The research, dialogue, and feedback contributing to this decision is specific to doctoral education and Ph.D. admissions in Rackham programs. Undergraduate and professional degree programs may have different experiences, goals, admissions practices, costs, and constraints. Particularly salient for Ph.D. programs is that performance of research and scholarship is central to doctoral education and Ph.D. completion; success in these activities has not been demonstrated to correlate with GRE scores.
Applicants to Ph.D. programs have an extensive record of advanced academic performance, research activity, and experiential learning accumulated through prior undergraduate training and professional experience that is available to inform admissions decisions.
Why does the decision not apply to Rackham master’s programs?
Rackham master’s programs have a range of educational goals that are distinct from those of Ph.D. programs, with the latter focused on the performance—under the mentorship of graduate faculty—of original research and scholarship resulting in a dissertation. Although many Rackham master’s programs have discontinued the use of GRE test scores in their admissions, more evaluation and discussion within the Rackham community would be required to understand if this proposal might be extended to all Rackham master’s programs in the future.
Why does the decision not apply to GRE subject tests?
As is the case with the use of the GRE in relation to master’s program admissions, more evaluation and discussion within the Rackham community would be required to understand if this proposal might in the future be extended to GRE subject tests.
What about other barriers to applying to doctoral programs like application fees, the application process, and other factors that affect readiness to apply?
Rackham has been and will be committed to identifying and addressing additional barriers that may prevent students from pursuing admission to its doctoral programs.
How will Rackham support programs that will be changing their admissions processes because of the decision?
Rackham will provide support to programs changing their admissions processes over a three-year period.
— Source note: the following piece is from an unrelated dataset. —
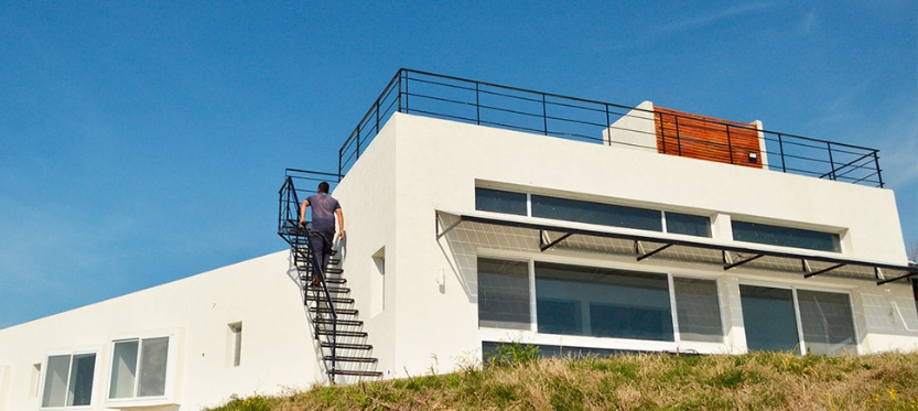 Gracias a su arquitectura bioclimática, produce su propia energía, recolecta el agua de lluvia para sus instalaciones y tiene altos niveles de eficiencia. Una diversidad de estrategias la convierten en una vivienda 100% sustentable.

This includes information and tailored advising on best practices for holistic admissions, particularly for programs with high application volumes. Holistic admissions practices evaluate the skills, experience, knowledge, and potential of an applicant by considering the academic, professional, and personal record along multiple dimensions. Through these practices, components of the graduate application that are most reflective of an applicant’s accomplishments and promise are identified and used for admissions decisions.
A consultation team will be available to work with individual programs to advise program faculty in building a holistic admissions process tailored to that program’s needs and goals. Programs may also apply for summer support for their faculty to work on revision of their admissions process and in this instance Rackham expertise in holistic admissions will also be made available for faculty teams as needed. Programs may choose one or both of these options and additional details regarding these programs will be communicated by mid-March.
Throughout the three year period, Rackham Institutional Research will evaluate changes in admissions practices and outcomes through survey work and analysis of application, admissions, and matriculation data across campus. These data will also be available to faculty for their scholarly endeavors.
The decision to discontinue the use of the GRE in Rackham Ph.D. admissions decisions will be re-evaluated after a three-year period.
Rackham will provide regular updates to Ph.D. programs about utilization of the supports and best practices learned from them.